According to the leading article, therefore, the entire ancient world collapsed because scientific research revealed the errors of the old religions. Would the ancient world not have perished if scientific research had kept silent about the errors of religion, if the Roman authorities had been recommended by the author of the leading article to excise the writings of Lucretius and Lucian?
For the rest, we shall permit ourselves to enlarge Herr H.'s erudition in another communication.
At the very time when the downfall of the ancient world was approaching, there arose the Alexandrine school, which strove to prove by force the “eternal truth” of Greek mythology and its complete agreement “with the results of scientific research”. The Emperor Julian, too, belonged to this trend, which believed that it could make the newly developing spirit of the times disappear by keeping its eyes closed so as not to see it. However, let us continue with the conclusion arrived at by H.! In the old religions, “the feeble notion of the divine was shrouded in the blackest night of error”, and therefore could not stand up to scientific research. Under Christianity, the opposite is the case, as any thinking machine will conclude. At all events, H. says:
"The greatest results of scientific research have so far only served to confirm the truths of the Christian religion."

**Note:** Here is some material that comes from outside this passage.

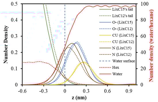 It can be seen that Cu2+ ions reside at a similar distance from the oil/water interface despite altering the carbon chain length of the extractants. The distribution means that tail length has an insignificant effect on cation position. The carbon length also indicates a reasonable range for complex transfer between the two phases. Longer tails would reduce the solubility of extractants in the aqueous phase, whereas shorter tails would expel the complexation further into the water phase.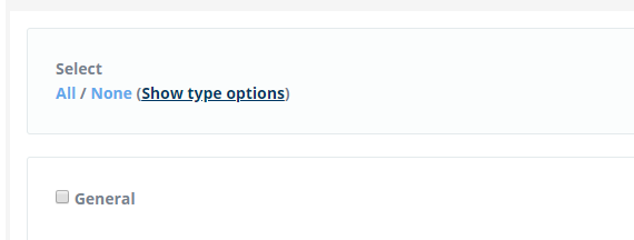 5. If desired, select specific types of activity to be backed up by clicking the link 'Show type options'. If you select a specific type of activity, such as SBA, make sure to select the week it belongs to.

We leave aside the fact that all the philosophies of the past without exception have been accused by the theologians of abandoning the Christian religion, even those of the pious Malebranche and the divinely inspired Jakob Böhme, and that Leibniz was accused of being a “Löwenix” (a believer in nothing) by the Brunswick peasants, and of being an atheist by the Englishman Clarke and other supporters of Newton. We leave aside, too, the fact that, as the most capable and consistent section of Protestant theologians has maintained, Christianity cannot he reconciled with reason because “secular” and “spiritual” reason contradict each other, which Tertullian classically expressed by saying: “verum est, quia absurdum est”. [It is true because it is absurd] Leaving aside all this, we ask: how is the agreement of scientific research with religion to be proved, except by allowing it to take its own course and so compelling it to resolve itself into religion? Any other compulsion is at least no proof.
Of course, if from the outset you recognise as the result of scientific research only that which agrees with your own view, it is easy to pose as a prophet. But in that case how are your assertions superior to those of the Indian Brahmin who proves the holiness of the Vedas” by reserving to himself alone the right to read them?
Yes, says H., it is a question of “scientific research”. But every research that contradicts Christianity “stops halfway” or “takes a wrong road”. Could there be a more convenient way of arguing?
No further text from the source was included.